Rumeli'nin neredeyse tamamının yitirilişiyle noktalanacak bir bozgun yaşanması, Yeşilköy'de karargah kuran galip Grandük Nikola'nın Dolmabahçe rıhtımında törenle karşılanıp II. Abdülhamid'le görüşmesi, payitaht halkını korkuya boğmuş; dondurucu kış soğuğunda Balkan göçmenleri İstanbul'a akarken, İstanbullular da Anadolu'ya göçmeye başlamışlardır. Facia sürerken II. Abdülhamid, savaş koşullarını gerekçe gösterip 13 Şubat 1878'de Meclis-i Meb'usan'ı kapatmıştır.
İzleyen günlerde Süleyman Paşa, dağılan birlikleri Filibe'de toplamaya çalışırken Rus tümenlerinin Edirne'ye girdiği haberi ve " Gavur geliyor!" sadalarıyla, bitkin ve aç askerler de şuursuz bir kaçışa yönelmişler; Kazaklar, asker-sivil demeden, yetiştikleri kafileleri kılıçtan geçirmişlerdir. Zağra Müftüsü Hüseyin Raci Efendi, o günlerin kıyım ve kırımlarını özetle şöyle anlatır:
"Ahali zaten ürkmüş ve tetik üzerinde bulunur olduğundan, düşmanın İşve ve Hamidli geçitlerinden tecavüz ettiği gün, araba ve hayvanları ile, bunları bulamayanlar ise yayanca, Zağra ve Çırpan üstünden kaçmaya başladılar. Yardımcı askerler dahi dağıldı. Bu firari askerler Çırpan, Eski Zağra, İzlâdi ve Karlova taraflarından yollara dökülen binlerce muhacire bir kat daha dehşet verdiler.

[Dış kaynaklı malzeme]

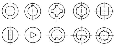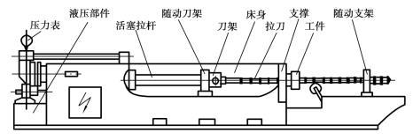 圖5.2.52為臥式拉床示意圖。其床身內裝有液壓驅動系統,活塞拉桿的右端裝有隨動支架和刀架,分別用以支承和夾持拉刀。拉刀左端穿過工件預加工孔,工件貼靠在床身上的“支撐”上。當活塞拉桿向左作直線移動時即帶動拉刀完成工件加工。拉床規格以額定拉力噸(t)表示。拉床適宜拉削的型孔如圖5.2.53所示。大批量生產中還廣泛用來拉削平面、半圓弧面和某些組合表面。拉削的尺寸精度等級一般可達IT9~IT7,表面粗糙度R a可達1.6~0.4。
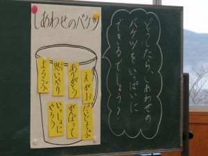 絵本 「しあわせのバケツ」 を題材にした校長先生のお話しを通して、思いやりややさしさについて考えました。心の中にある見えないバケツに「幸せ」が入ると、心が満たされていくお話しです。お話しの途中で、空っぽのバケツの絵を提示し、「どうしたらしあわせのバケツをいっぱいにできるでしょう?」と校長先生が問いかけました。子どもたちから出てきた言葉は、友だちの心(バケツ)を満たす言葉や行動でした。友だちが喜ぶように声をかける、やさしく思いやりをもって接する、「ありがとう」と伝える、友だちが笑顔になってくれるようにするなど、一つひとつが相手を大切に思う温かい言葉でした。子どもたちは、自分のバケツを満たすよりも「誰かのバケツをいっぱいにする」方法を知っています。自分のバケツは周りの友だちに満たされていることを、改めて感じられたのかもしれません。これからも、学校全体で「しあわせのバケツ」を満たし合える温かな時間や関係づくりを大切にしていきたいと思います。
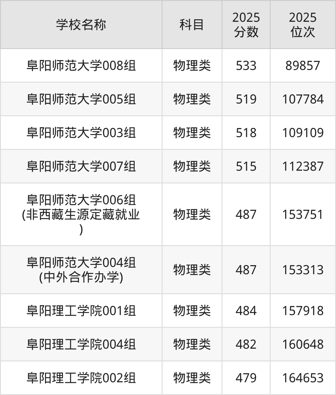 下文为2025年阜阳市本科大学在安徽物理类录取分数线和位次排名表,供大家参考:
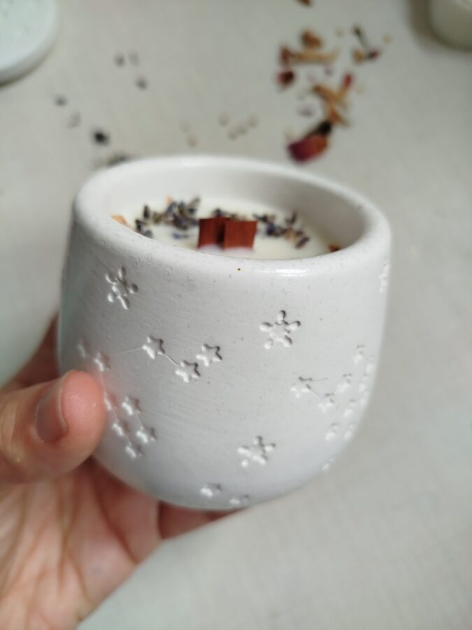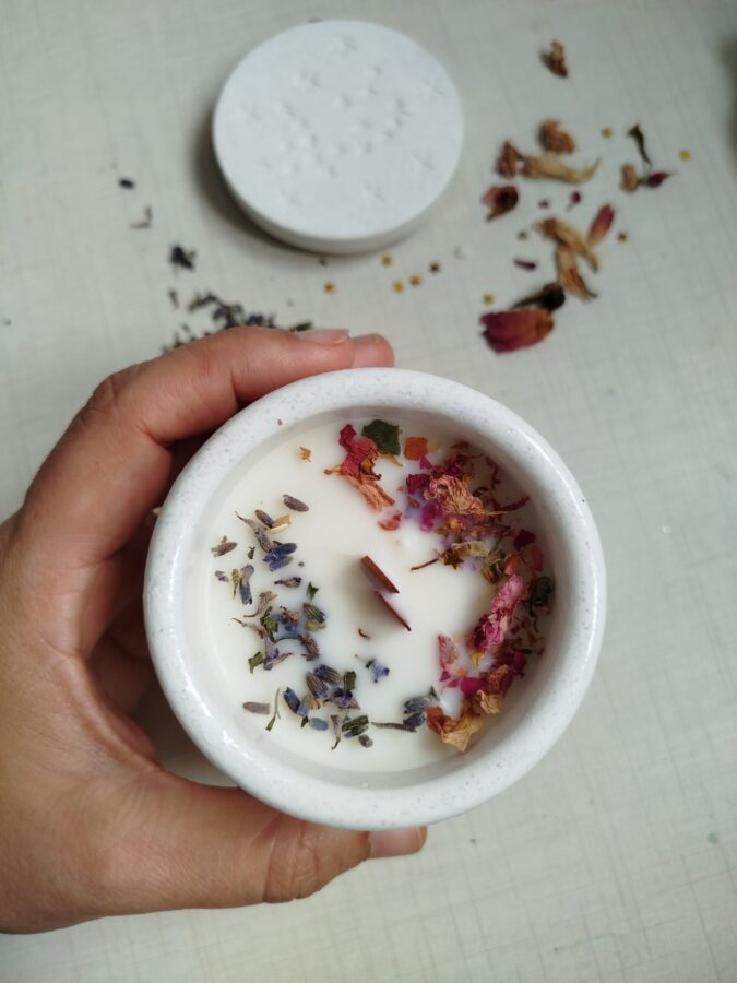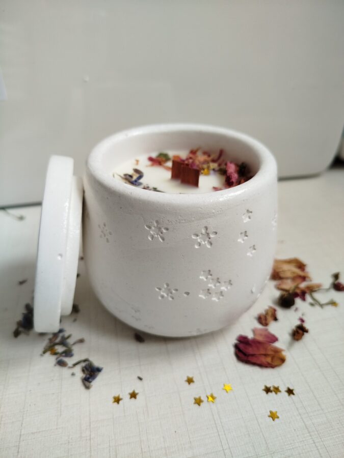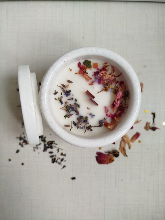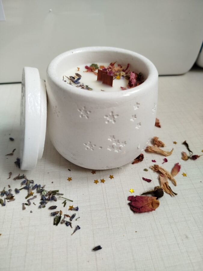 Sumérgete en la magia del cosmos con esta vela artesanal en cuenco con tapadera, decorada cuidadosamente con flores secas que la convierten en una pieza única. Cada vela encierra en su interior fragancias especiales que iluminan el ambiente con energía y calma, como si encendieras una pequeña constelación en tu hogar.

Kabacık ve Sekbanlı istasyonlarına mahşer gibi toplanmış, karlar üstünde şimendifer bekleyen biçare ahali bu korkuyla Edirne'ye ve Kırcaali dağlarına yürüdüler. Yollarda ve istasyonlarda terk olunan kıymetli eşyaların, at ve hayvanların hesabı yoktu. Evlâdını taşıyamayanların, 'Araba getirip sizi alacağız!' diye aldatıp bıraktıkları masumlar karlar üstünde bekleşe kalmışlardı. Herkes can derdine düştüğünden, geriden gelip faciayı görenler de bir âhı teessüfle yanlarından geçip giderlerdi. Ruslardan kaçan yüz binlerce ahali, sel önündeki çer çöp gibi, imkân nereye müsait olursa o tarafa akıp gitmekte, ana baba evladını ve evlat ana babayı terk etmekte, o şiddetli kışta kırlarda kar üstünde yatmaktaydılar. Her işin tedbirinde noksanlık olduğu gibi, muhacirlerle dolu katarlar haftalarca yollarda tutuldu ve birçokları öldü. Mütareke görüşmeleri için hususi trenle Kızanlık'a hareket eden Server ve Namık paşalar muhacirlerin dehşet verici manzarasını görmemek için trende gizlenmeye mecbur olmuşlardı. Diğer yandan Moskof orduları her taraftan Edirne'yi kuşatmış; öncüleri ise Çatalca'ya erişmişlerdi. Bunlar, yetiştikleri muhacirleri soyarak vahşetle katlettiler. Yollarda soğuktan donarak, kalabalık yüzünden vagonlardan dökülerek ölenler de sayısızdı."